* What this task involves
Your task is to copy the stretch of lines in the records below that begins with the line containing "前期的工作已經搞定,現在是時" and ends with the line containing "在一項新的研究中,Miluc", exactly as written, with nothing added.

* Data for the task

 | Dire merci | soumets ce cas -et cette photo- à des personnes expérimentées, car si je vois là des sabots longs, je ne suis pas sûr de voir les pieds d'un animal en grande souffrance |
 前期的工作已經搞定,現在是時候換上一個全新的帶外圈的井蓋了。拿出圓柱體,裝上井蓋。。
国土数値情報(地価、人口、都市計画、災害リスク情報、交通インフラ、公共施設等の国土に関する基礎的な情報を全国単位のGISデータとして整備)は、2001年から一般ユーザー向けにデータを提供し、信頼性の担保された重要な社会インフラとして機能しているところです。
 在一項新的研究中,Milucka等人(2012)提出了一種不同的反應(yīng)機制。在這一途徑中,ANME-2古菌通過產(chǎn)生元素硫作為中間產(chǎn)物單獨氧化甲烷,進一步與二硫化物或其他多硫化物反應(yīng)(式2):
* * *
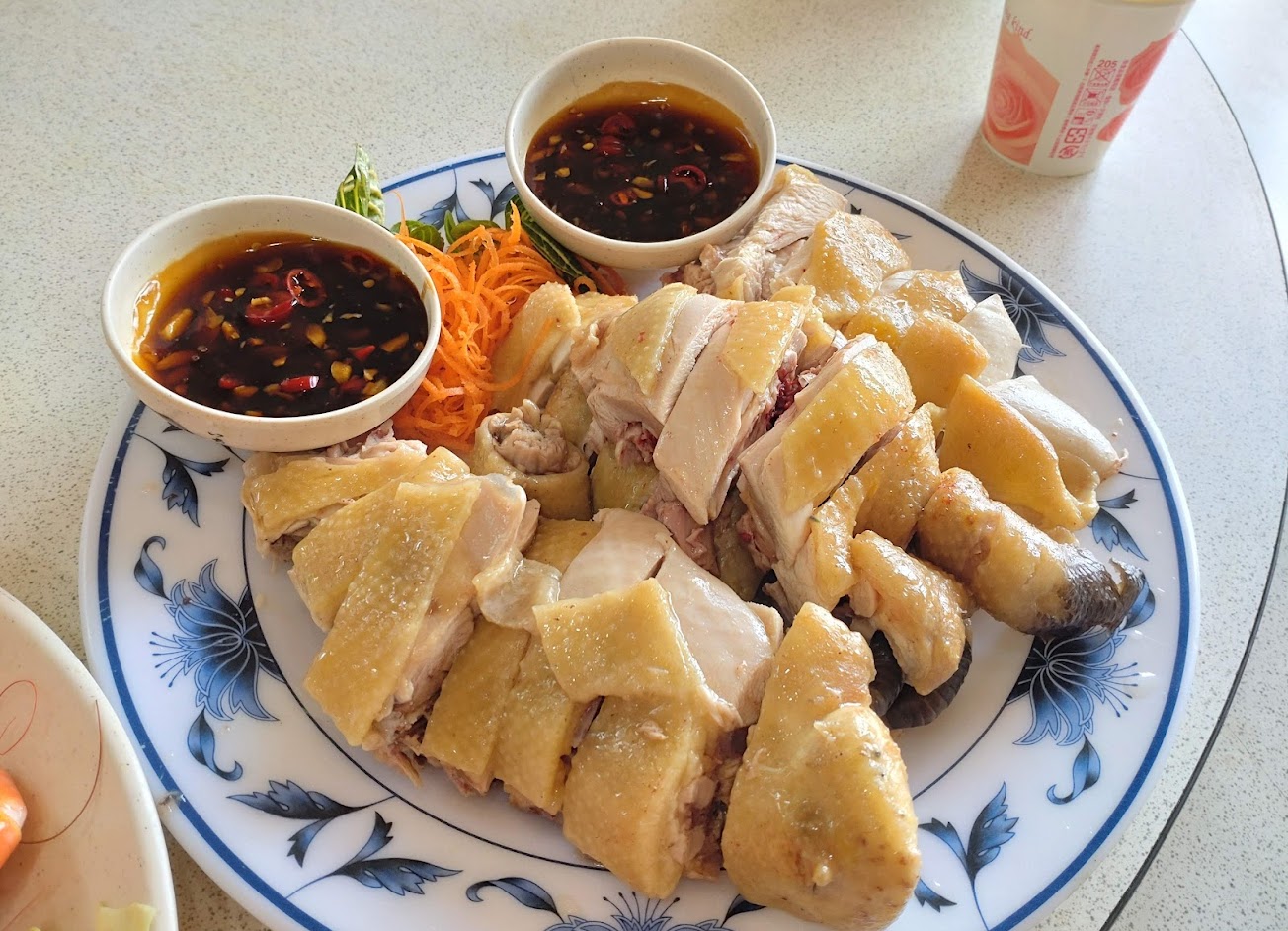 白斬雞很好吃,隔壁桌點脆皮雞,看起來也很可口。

* Task response
 前期的工作已經搞定,現在是時候換上一個全新的帶外圈的井蓋了。拿出圓柱體,裝上井蓋。。
国土数値情報(地価、人口、都市計画、災害リスク情報、交通インフラ、公共施設等の国土に関する基礎的な情報を全国単位のGISデータとして整備)は、2001年から一般ユーザー向けにデータを提供し、信頼性の担保された重要な社会インフラとして機能しているところです。
 在一項新的研究中,Milucka等人(2012)提出了一種不同的反應(yīng)機制。在這一途徑中,ANME-2古菌通過產(chǎn)生元素硫作為中間產(chǎn)物單獨氧化甲烷,進一步與二硫化物或其他多硫化物反應(yīng)(式2):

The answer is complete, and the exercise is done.